Zhuanpeng Chen scite author profile

Long noncoding RNAs (lncRNAs) are implicated in human cancer, but their mechanisms of action are largely unknown. In this study, we investigated lncRNA alterations that contribute to colorectal cancer (CRC) through microarray expression profiling in CRC patient samples. Here, we report that the CRC-associated lncRNA PVT1-214 is a key regulator of CRC development and progression; patients with high PVT1-214 expression had a shorter survival and poorer prognosis. In vitro and in vivo investigation of the role of PVT1-214 revealed a complex integrated phenotype affecting cell growth, stem-like properties, migration, and invasion.

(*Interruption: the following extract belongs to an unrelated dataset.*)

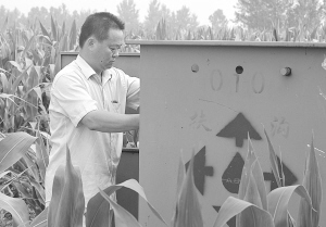 上图 扶沟县大力推进农业综合开发工程,积极开展田间工程建设,农业设备日臻完善。图为工作人员在韭园镇中农合作社示范建设区检修设备。
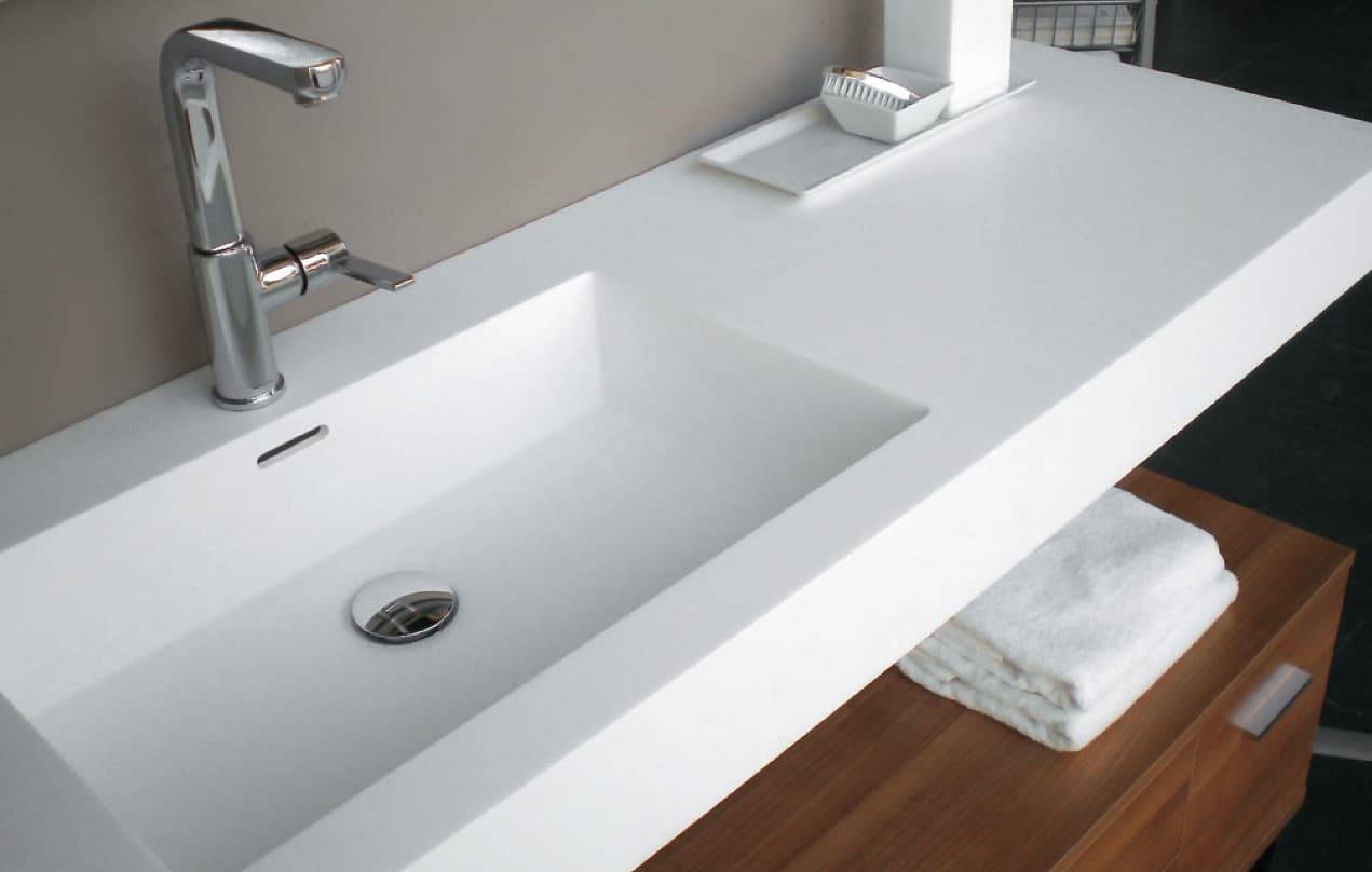 - Столешница и мойка являются единым целым (цельнолитая модель). Выглядит изысканно, исключаются протекания и образование плесени. Недостаток — не всегда удается подобрать нужный размер.

Furthermore, using RNA pull-down and mass spectrometry, we found that Lin28 (also known as Lin28A), a highly conserved RNA-binding protein, is associated with PVT1-214. Strikingly, we found that PVT1-214 not only upregulated Lin28 protein expression in CRC cells by stabilizing Lin28, but also participated in crosstalk with Lin28 mRNA through competition for miR-128 binding, imposing an additional level of post-transcriptional regulation. In addition, we further show that PVT1-214 repressed expression of let-7 family miRNAs, which was abrogated by Lin28 knockdown. Taken together, our findings support a model in which the PVT1-214/Lin28/let-7 axis serves as a critical regulator of CRC pathogenesis, which may simulate a new direction for CRC therapeutic development.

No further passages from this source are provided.